Georgia has long been struggling with the Soviet legacy, turning into overt anti-Russian rhetoric. The country has long since replaced the term "Great Patriotic War" with the international "Second World War". At the same time, in some places there are still paradoxical inconsistencies: on the remaining monuments, inscriptions in Russian still remind of the Great Patriotic War, and in English it is already "WWII 1939-1945".

Since 2006, Georgia is the only country in the South Caucasus where there is a "museum of Soviet occupation". This is a propaganda exposition designed to distort the history of one's own country and tarnish the Soviet period. The Soviet Occupation Museum is just a hall of the national museum in Tbilisi, but the very fact of the presence of such a "cultural" object is repeatedly replicated on nearby signs.
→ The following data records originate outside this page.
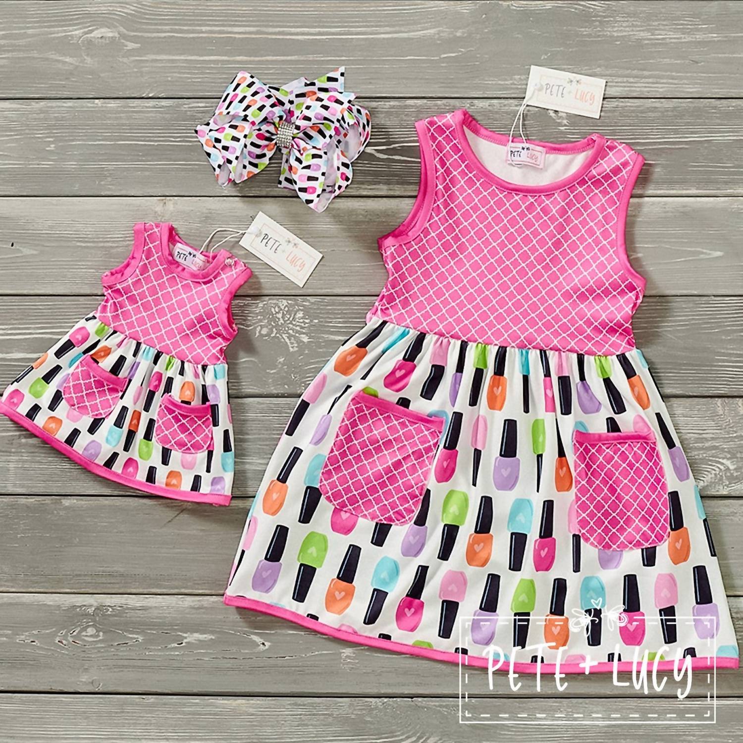 Ваша маленькая модница будет выглядеть просто неоново в этом розовом платье с лаком для ногтей! Милый рисунок на ногтях и очаровательный стиль - идеальный образ для любой малышки. Пусть ваша малышка сияет! *Аксессуары продаются отдельно
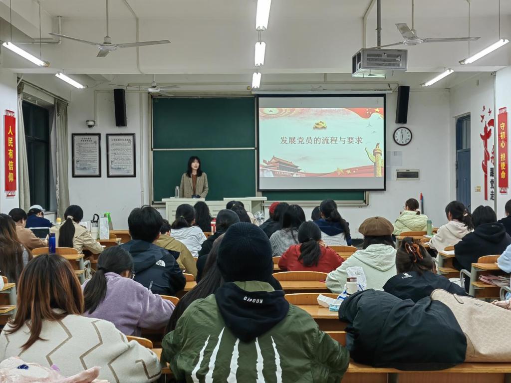 11月1日晚,文学院于A8-314开展了以“发展党员的流程与要求”为主题的党课培训,本次党课由文学院党委副书记张曼主讲,2024下半年全体入党积极分子参加。
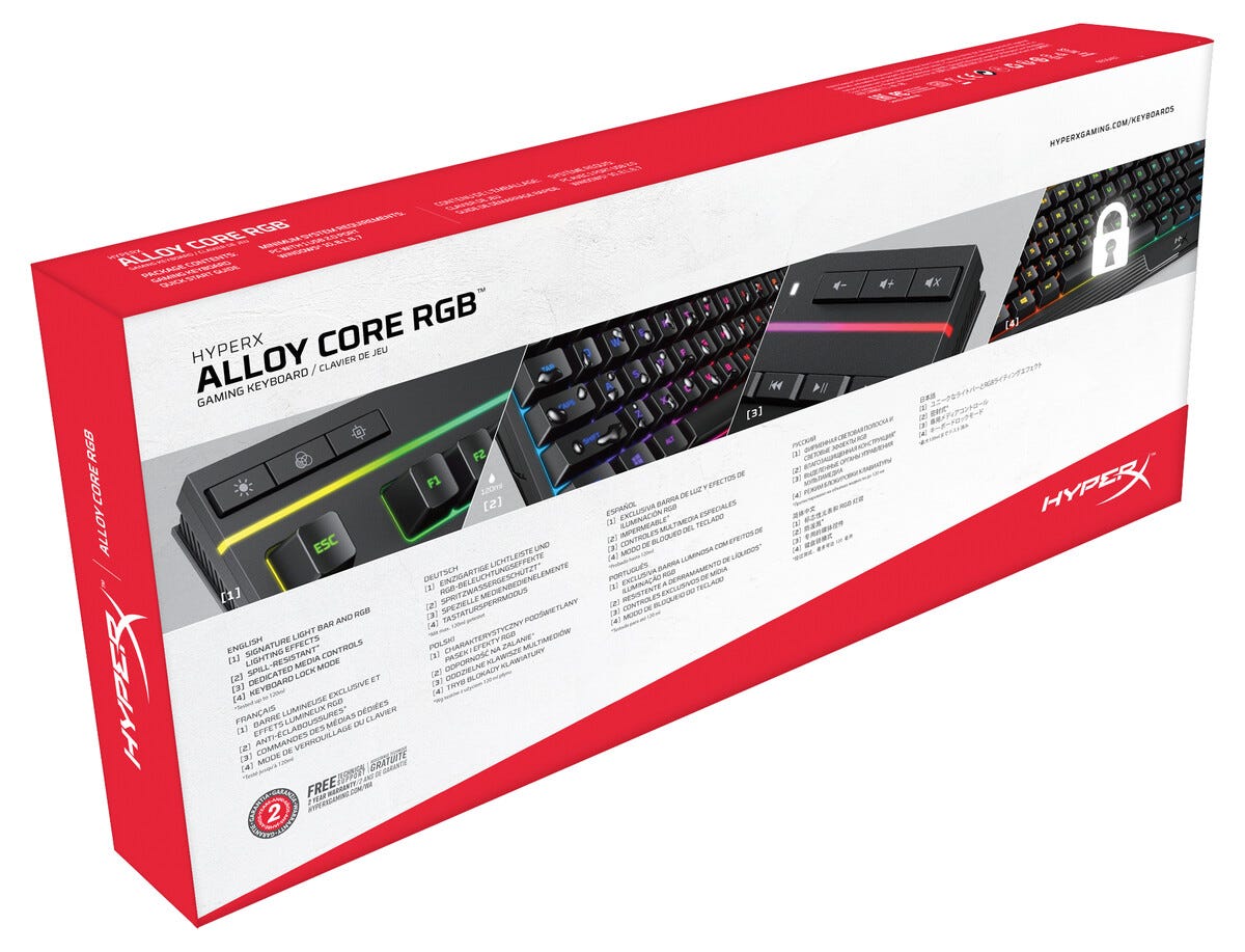 • HyperX Alloy Core RGB pelinäppäimistö, jossa näyttävä RGB-valaistus.

One of the results of this policy was the formation of anti-Russian sentiments in the public. Five years ago, the American National Democratic Institute NDI conducted a survey in Georgia on the subject of Russia's influence on the country. 76%, that is, the overwhelming majority, answered that the influence was negative, 12% - positive, the rest were undecided. Subsequent NDI polls only confirmed the indicated ratios, while supplementing with the image of Russia as a source of threat to Georgia (67% of respondents think so). "Continuation of the occupation of Georgian territories" - this is how the signing of agreements by Russia with the unrecognized republics of South Ossetia and Abkhazia is interpreted.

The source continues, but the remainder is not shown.